High Availability of Postgres-XC using the Corosync Pacemaker LinuxHA stack
As with any distributed architecture based product, Postgres-XC has many components that interact with each other across multiple/different physical nodes. High availability (HA) of these components to ensure that cluster functionality is not impaired across failure of subsets of them is very important. Equally important is zeroing down on a High Availability infrastructure which will provide the necessary bells and whistles to manage complex events like node deaths, network split brain, ordered resource stop/start scenarios etc. I am sure you get the drift, yes it can get very complicated very quickly. To give you an idea, without getting too much into specifics, following were some of the considerations that we had to be mindful of:
* If a node in the cluster goes down or becomes unreachable, all the components running on that cluster should be automatically promoted elsewhere. This should happen within seconds of the node going down.
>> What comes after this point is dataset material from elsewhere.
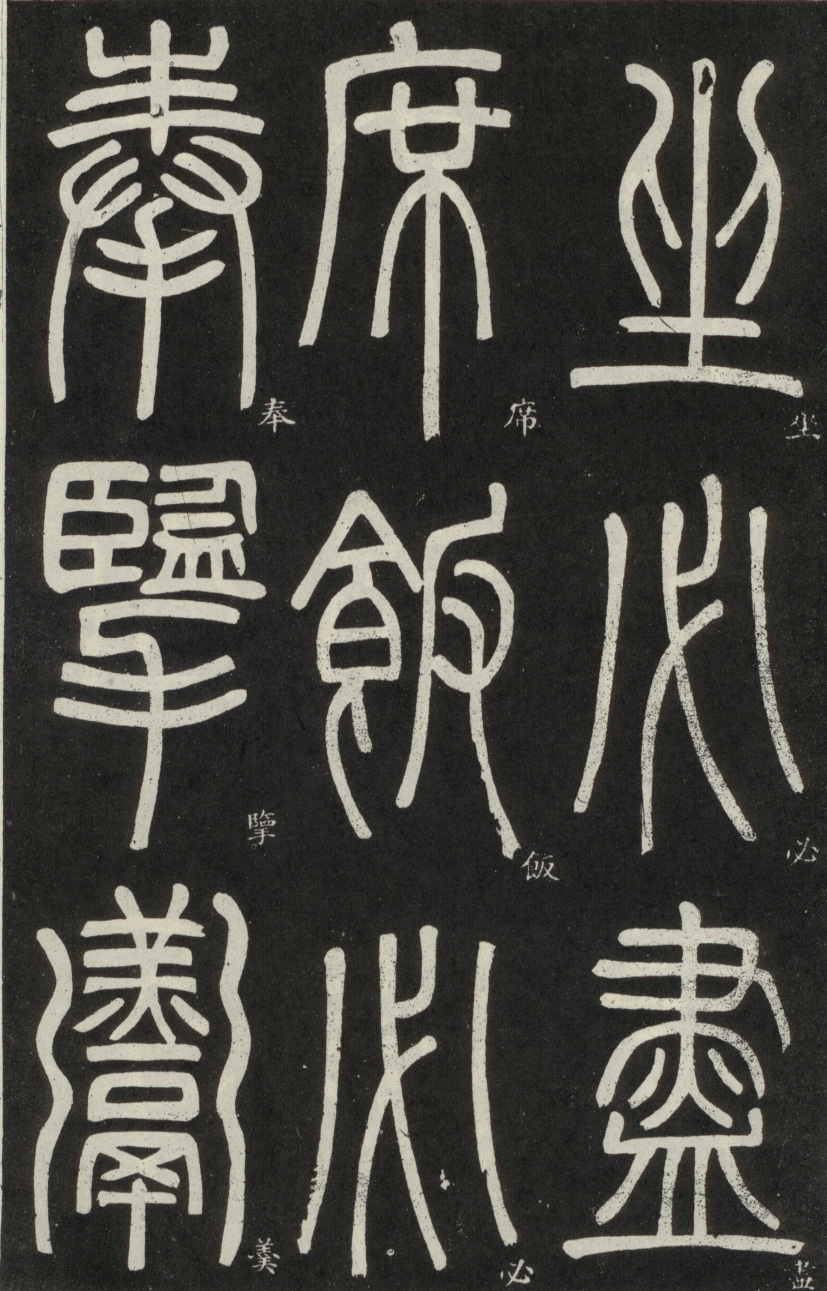 【释文】弟子职。先生施教,弟子是则。温恭自虚,所受是极。见善从之,闻义则服。温柔孝弟,毋骄恃力。志无虚邪,行必正直。游居有常,必就有德。颜色齐,中心必式。夙兴夜寐,衣带衣带必饰;朝益暮习,小心翼翼。一此不解,是谓学则。少者之事,夜寐早作,既拚盥漱,执事有恪。摄衣共盥,先生乃作。沃盥彻盥,豚拚正席,先生乃坐。出入恭敬,如见宾客。危坐乡师,颜色毋怍。 受业之纪,必由长始;一周则然,其余则否。始诵必作,其次则已。凡言与行,思中以为纪。古之将兴者,必由此始。后至就席,狭坐则起。若有宾客,弟子骏作。对客无让,应且遂行,趋进受命。所求虽不在,必以反命。反坐复业。若有所疑,奉手问之。师出皆起。 至于食时,先生将食,弟子馔馈。摄衽盥漱,跪坐而馈。置酱错食,陈膳毋悖。凡置彼食:鸟兽鱼鳖,必先菜羹。羹胾中别,胾在酱前,其设要方。饭是为卒,左酒右酱。告具而退,奉手而立。三饭二斗,左执虚豆,右执挟匕,周还而贰,唯嗛之视。同嗛以齿,周则有始,柄尺不跪,是谓贰纪。先生已食,弟子乃彻。趋走进漱,拚前敛祭。 先生有命,弟子乃食,以齿相要,坐必尽席。饭必奉揽,羹不以手。亦有据膝,毋有隐肘。既食乃饱,循咡覆手,振衽扫席。已食者作,抠衣而降。旋而乡席,各彻其馈,如于宾客。既彻并器,乃还而立。 凡拚之道:实水于盘,攘臂袂及肘,堂上则播洒,室中握手。执箕膺揲,厥中有帚。入户而立,其仪不忒。执帚下箕,倚于户侧。凡拚之纪,必由奥始。俯仰磐折,拚毋有彻。拚前而退,聚于户内。坐板排之,以叶适己,实帚于箕。先生若作,乃兴而辞。坐执而立,遂出弃之。既拚反立,是协是稽。暮食复礼。 昏将举火,执烛隅坐。错总之法,横于坐所。栉之远近,乃承厥火。居句如矩,蒸间容蒸。然者处下,奉椀以为绪。右手执烛,左手正栉。有堕代烛,交坐毋倍尊者。乃取厥栉,遂出是去。先生将息,弟子皆起。敬奉枕席,问所何趾;俶衽则请,有常则否。先生既息,各就其友。相切相磋,各长其仪。周则复始,是谓弟子之纪。嘉庆龙飞九年,岁在焉逢困敦十有一月,丙戌朔粤十有八日癸卯,古皖邓石如篆于辨志书塾。

Obviously this assumes that we have standby components made available to this HA infrastructure.
* Only one of the "backup" components should get promoted.
* Components can have dependencies, so there should be an ordered way of stopping one resource after the other and other way around the resources should be started in the appropriate reverse order.
* Some components should be preferred to start on specific nodes. The HA infrastructure should allow for this.
* The HA infrastructure should allow for Master/Slave kinds of resource monitoring and automatic promotion of slave resources if the master goes down.
In my research, I landed upon the Linux HA framework. This Linux HA framework has been out there providing reliable High-Availability software on *nix platforms for more than a decade now. The two main components are:
Cluster Messaging Layer:
This layer is responsible for providing node membership information. It provides cluster infrastructure (communication and membership) services to its clients. It allows a platform for easy exchange of messages between member nodes and notifies presence or disappearance of participating nodes immediately.
Cluster Resource Manager:
The cluster resource manager makes use of the messaging and membership capabilities provided by the above cluster messaging layer to provide maximum availability of your cluster resources. Along with this it also has intelligence built in to support redundancy, scriptability, node and resource level recovery, features like resource ordering, co-location etc.
We narrowed down on Corosync as the messaging layer coupled with Pacemaker as the cluster resource manager. We also looked at Heartbeat for the messaging layer, but Corosync has seen much more active work and adoption in recent times. Coupled together, this HA stack using Corosync and Pacemaker addressed most of our concerns raised above. Additionally the fact that there were already existing resource agents for base Postgres available on this framework made the decision easier.
We have worked on it for a while now and while it does have a bit of a steep learning curve, going ahead with this professional, rock-solid, open-source HA platform has been the right choice for us!